# Kohler Command Pro "A" & "B" Style Pistons



## Bob Driver (Nov 1, 2017)

I really like the Kohler Command Pro Series of engines, but they can bite you in the wallet when it's time to do an overhaul. What you need to understand is Kohler did a design change to the pistons, so you can either have "A" style, or "B" style pistons, depending on the age of the engine. The "A" style pistons ran a 1.5mm thick top ring. The "B" style pistons run a 1.2mm top ring. The "A" style rings are NLA (no longer available) and the readily available "B"style rings won't work on the "A" style pistons.

You don't really know what you have in the way of piston style until you tear the engine down. If it's "B" style pistons, the OEM rings are about $40 a side. If it's "A" style pistons, good luck finding the rings and you'll probably end up buying "Piston Kits" ("B" pistons & rings) at $140 per side. Here's a look at both piston styles so you know what to expect. Don't shoot the messenger, Kohler didn't even ask me for my thoughts. Besides, you end up with a matching set of "A" style Kohler pistons you can use to make some really cool, but expensive, door knobs for your shop

A Style Piston









B Style Piston


----------



## stevehoskins65 (10 mo ago)

I used Hastings 5032 they worked perfect, 1.5 top and middle 3.0 oil 80mm bore.


----------



## Bob Driver (Nov 1, 2017)

stevehoskins65 said:


> I used Hastings 5032 they worked perfect, 1.5 top and middle 3.0 oil 80mm bore.

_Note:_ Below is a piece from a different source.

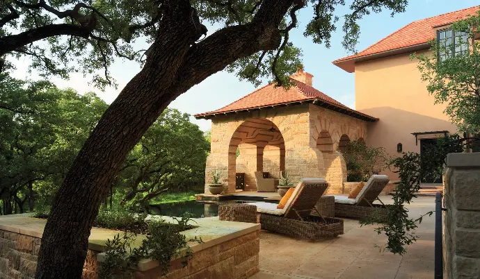 While its influences originate across the pond, their expression at Turnberry Manor is quintessentially Texan, with vernacular materials including Texas limestone, red clay tile and white oak infusing the property with a rustic air that grounds it in the landscape.

I heard about doing that at Kohler Service School, but I also heard from the Instructors that the ring profile is not the same. The OEM 1.5 top ring is "rounded", OEM middle ring is "Stepped" with the step to the bottom. Lil Red Barn also sells the standard 80mm A-style piston rings, if you can find them. The Kohler CH/CV V-twins came in three different bore sizes...... Wear limit to oversize is .05mm

77mm -- 18, 20, 22 HP.... CH/CV 18, 20, 22, 620, 621, 640, 641
80mm -- 22, 23 HP.... CH/CV 22, 23, 620, 640, 670, 680
83mm -- 25 HP.... CH/CV 25, 730, 740, 750


----------



## stevehoskins65 (10 mo ago)

Not sure if the rings I replaced were OEM but the Hastings rings were identical not rounded or step, but I didn't buy the mower new.


----------



## Papaw's Repairs (9 mo ago)

I've seen those pictures of the pistons before, not sure what engine they come out of, I think a single cylinder. I've been using the B style in place of the A and the pistons don't come all the way to the top of the cylinder. There shy about 1/8 inch . They still run strong


----------